In both 2000 and 2017, Mérida received the distinction of being honored as the Cultural Capital of the Americas, the only city to receive the honor twice. A critical component in this designation was the Orquesta Sinfonica de Yucatán, the OSY, a culmination of 120 years of struggle to develop and maintain an orchestra in Yucatán.
Over the last decade, under director Juan Carlos Lomonaco, it has built a stellar program attracting large audiences to the Peón Contreras Theater with imaginative, world-class performances. This year it will present 22 pairs of concerts, each heard on Friday evenings at 9 p.m. and Sundays at noon. The Sunday performance is a more relaxed affair with musicians dressed in black guayaberas rather than the more formal tuxedos that prevail on Friday. Afterwards, one can explore the stalls of the Mérida en Domingo market that envelops the Plaza Grande a block away, or savor one of many extraordinary international restaurants within walking distance.
The orchestra is excellent, and we know many of the musicians, with most of whom I have been privileged to perform. Since the cycle of concerts has become a significant part of our week, it was disconcerting to learn of a crisis involving the upcoming concert, even if it would eventually become a crisis averted.
This week my niece was visiting from Texas. A recent graduate in engineering from the University of North Texas, her visit to Mérida would provide respite after the grueling final projects for her degree. What could be a better introduction to the city’s cultural scene than taking her to her first symphony concert? There was no reason to expect anything but a sterling performance in a grand space.
The José Peón Contreras Theater is an architectural gem in a city that boasts many remarkable structures. Completed in 1908, in the Beaux Arts style, it is dedicated to one of Mérida’s favorite sons, a novelist, playwright, doctor and politician. The domed ceiling, with its frescoes of Greek muses and monumental chandelier dominates four handsome tiers of boxes with elaborate carved reliefs on each level. The sight lines are exemplary, and the acoustic is superb. Countless renowned ensembles have performed there, but at present it is primarily home to the OSY. Attending almost any performance there is a treat, and the theater is a “must see” for anyone visiting Mérida.

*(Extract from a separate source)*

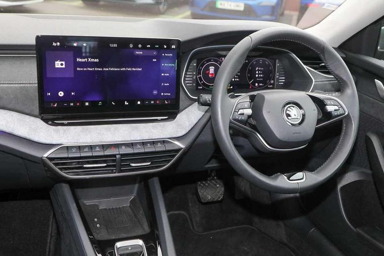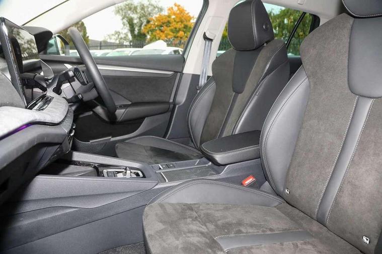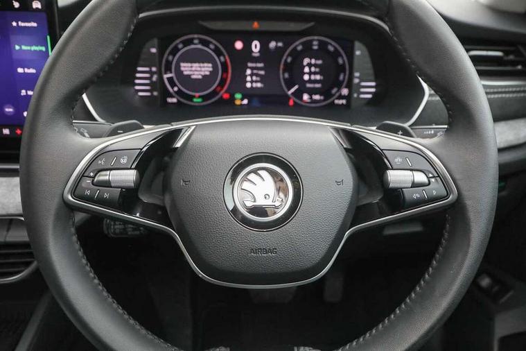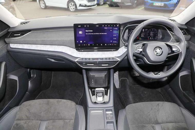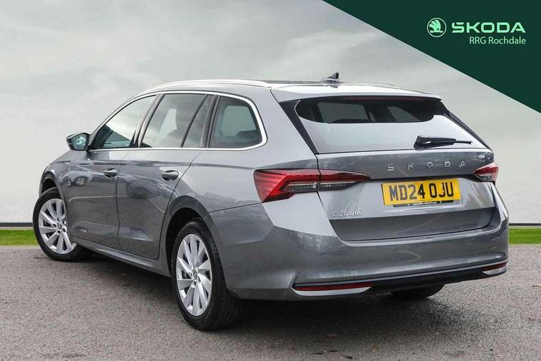 1x USB Typc C port in rear view mirror, 4x USB Type C ports - 2x in front centre console and 2x in rear (45W), Drive mode selection, Driver fatigue sensor, eCall emergency system, Electro-mechanical power steering, Front and rear parking sensors with manoeuvre assist, Front assist system, Traffic jam assist, Traffic sign recognition, Turn Assist, Virtual Cockpit - 10.25" digital display, Voice control system, Wireless charging (15W) with cooling function, Wireless SmartLink for Apple CarPlay and Android Auto, 13" touchscreen display with navigation, 8 speakers, DAB Digital radio, Aero front windscreen wipers with intermittent function, Auto dimming rear view mirror, Body colour bumpers, Body colour door mirrors and handles, Chrome grille surround, Chrome roof rails, Chrome strip in lower front bumper, Chrome window surrounds, Driver side auto-dimming door mirrors, Electric front and rear windows, Heated rear windscreen, High level third brake light, Ice scraper in fuel cap, LED daytime running lights, Logo projection in front doors, Preparation for tow bar, Rain and light sensors, Rear fog light on one side, Rear privacy glass, Rear side wing doors, Rear spoiler, Rear window wiper, Sunblinds for rear side windows, 12 volt socket in boot, 3 rear headrests, 3 seat bench in 2nd row, 4 foldable roof handles, Dual zone air conditioning, Front head restraints, Heated front seats, Illuminated glovebox, Interior door handles in dark chrome, Jumbo Box storage, Luggage compartment lighting x2 lights, Mechanical rear seat release from boot, Single front passenger seat, Steering wheel in black leather with black stitching, Storage compartments in left and right of boot, Sun visors with mirrors, Sunglasses storage, Ticket holder, Umbrella in door panel, Unsplit rear bench seat, split folding backrest with centre armrest with cupholder, Waste bin in door panel, Assisted drive package - Octavia DSG, Comfort package - Octavia Estate, Family package - Octavia, Light and view package plus - Octavia, Lounge Design Selection pack - Octavia, Simply clever package premium - Octavia, Winter package plus - Octavia DSG, 3x3 point rear seat belts, Alarm with interior monitoring, tilt sensor and back up horn, Curtain airbags and front side airbags, Driver and front passenger airbags, Drivers knee airbag, Electronic parking brake, ESC including ABS, EBV, MSR, ASR, EDS, HBA, DSR, Front central airbag, Hill hold assist, ISOFIX on front passenger seat and outer rear seats, Passenger airbag deactivate switch, Three point seat belts in front and rear, Two tone horn, Tyre pressure monitor, Visual and acoustic seat belt reminder, Warning reflectors in front door, Anti-theft wheel bolts, Keyless start/stop, Remote central locking, Chrome air vent surrounds, 17" Mensa aero alloy wheels, Tyre repair kit,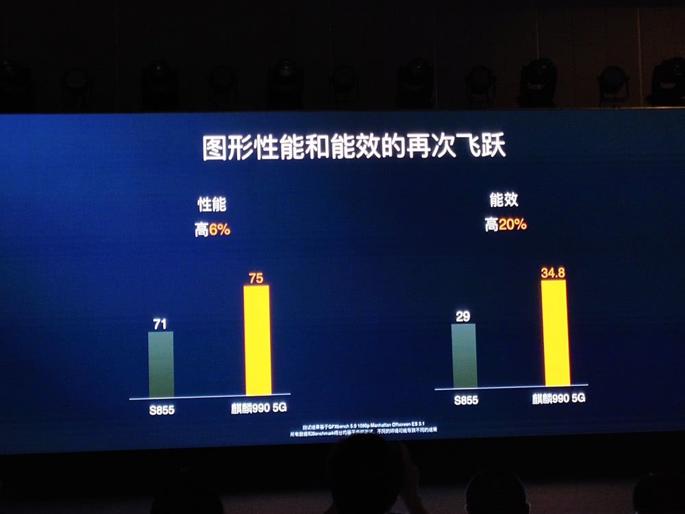 憑借16核Mali-G76 GPU的搭載,麒麟990的圖形性能與能效均得到飛躍,相比驍龍855的話,分別高了6%及20%。

This week’s concert, under the baton of Peruvian guest conductor Fernando Valcárcel, promised, in addition to works by Beethoven and Mendelssohn, two of the orchestra’s finest as soloists: French horn virtuosi Juan José Pastor, originally from Spain, and French-born Samuel Rafinesque, performing Haydn’s rarely heard Concerto for Two Horns and Orchestra. Both have had exciting international careers, and their addition to the roster more than a decade ago helped to insure the quality of the OSY brass section. Both are also active in other aspects of Mérida’s expansive arts scene, and valued for their varied contributions to the community.
Two weeks before the concert, Juan José was staying with friends near Progresso. The house was burgled, and his beloved French horn was one of the missing items. He was devastated both economically and emotionally at the loss. It would be possible to borrow another instrument, so the future of the concert was not really in jeopardy, but a musician has a very special relationship with his instrument. Word of his misfortune spread quickly.
But then, quite by accident, after rehearsals had already begun, and only two days before the first concert, a student from Mérida, who was also studying trumpet, was rummaging through a pawn shop in Progresso when something caught his eye. The hijacked horn was being displayed as a decoration! The shop owner seemed oblivious to either the intended use or the real value of this “foreign” object.
The student had read reports in the paper and heard of the theft from his musician friends. Believing this to be the stolen instrument, he summoned police. Shortly thereafter the attorney general’s office contacted the now relieved Juan José with the good news. All in all, it felt like a small miracle, though the investigation continues into what exactly had happened and who was responsible.
There was a special poignancy to the sound of the horns at Sunday’s concert, especially in the glowingly serene Romanza, the concerto’s second movement. The players seemed totally at one with the music and completely at ease, the mellow warmth of their sound permeating every note against the luminescent strings. It might have turned out so differently, but as I have said before – this is Yucatán, and very unexpected things just seem to happen here.